イメージリサーチ社は、当社が輸入する米国MXI社製のフラットパネルディテクター(以下、FPD)を使ったDR装置「Matrixia (マトリクシア)」を開発しました。

当社は、今後この「Matrixia」をクリニックを中心に全国販売し、地域医療へ貢献してまいります。

(FPDの技術的側面については、本号最終ページの「フラットパネルディテクターとは」をご参照下さい。)

図1:「Matrixia」を使ったX線胸部撮影画像

「Matrixia」を使って最先端技術を広める

上述のように、「Matrixia」で撮影されたX線画像とクラウド技術を組み合わせることで、更なる最先端の画像処理技術をクリニックや小規模施設で使うことが可能になります。

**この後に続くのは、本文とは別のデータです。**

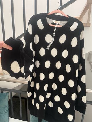 Vestido de punto con un divertido estampado de lunares. - Diseño de lunares blancos sobre fondo negro. - Tejido de punto cómodo y suave.
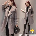 ゆったり フェイクムートンコート ロング丈 セーム革ジャケット 裏起毛 裏ボアコート ロング丈コート グレー ピンク 高品質レディース 秋冬
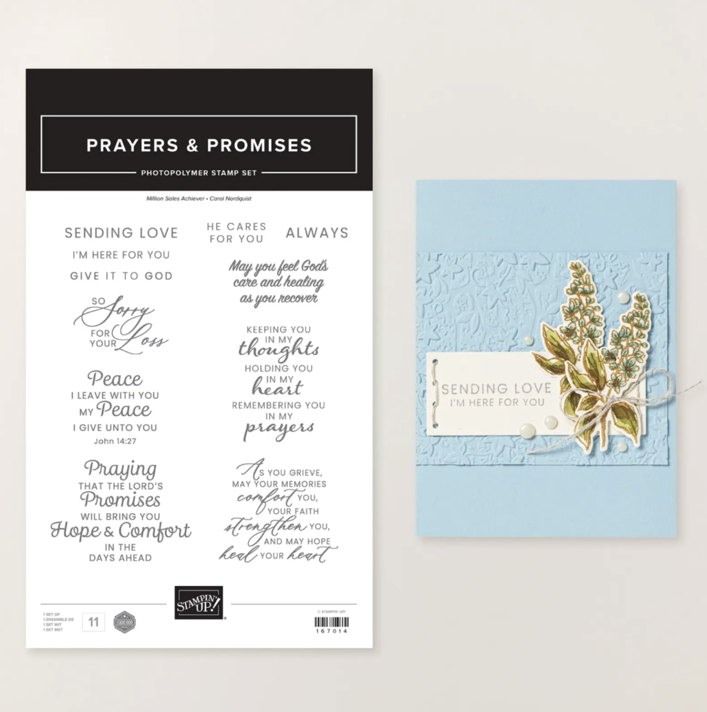 Share words of faith and encouragement with the Prayers & Promises Stamp Set. It features messages of sympathy, love, and support to help you create comforting cards for those who need them most.
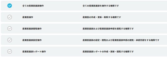「産業医面談調整」機能には5種類の権限があり、メンバー管理画面にて設定を変更することができます。
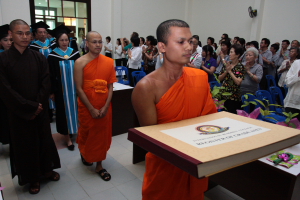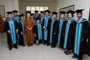 由槟城檀香寺住持唯悟法师推动和建立于泰国的国际佛教大学,8月31日在泰南康月镇的总校大礼堂内举行第四届毕业典礼。当天共有大约五百人出席该项盛会,分享毕业学子的喜悦,也同时见证了充满意义的“千树一心护佛大”植树仪式。出席者除了大学董事会成员、教职员、应届毕业生与在籍学生外,也包括来自马来西亚的佛友及不少泰国当地居民与毕业生的家人和亲友等。本届共有二十八名佛学硕士、五名佛学学士、五名高级佛学文凭结业生,及九名其它文凭结业生。

当社が販売している最先端の医療技術を、大学病院や大規模病院だけでなく全国に100,000施設あるクリニックにも広めることが可能となるのです。例えば、電子画像の保管サービスや読影サービス、「ClearRead」を使った骨組織透過処理・経時差分処理などが挙げられます。

図2:「ClearRead BS」を使った胸部X線骨組織透過画像(イメージ)

他にも今後当社が海外から最先端の医療技術を日本に持ち込み、その技術を提供する際の土台となるものが「Matrixia」であると考えています。

これまで当社の医療機器は、一部の大病院向けでしたが、「Matrixia」とインターネットの組み合わせにより、今後は全医療機関を対象として医療に貢献することができるようになります。

筆者紹介

株式会社東陽テクニカ メディカルシステム営業部

宮本 喜久男

1996年中途入社後、海洋計測およびメディカル製品のサポート業務を担当。2004年から現メディカルシステム営業部、昨年からFPDおよびDR装置の業務を担当。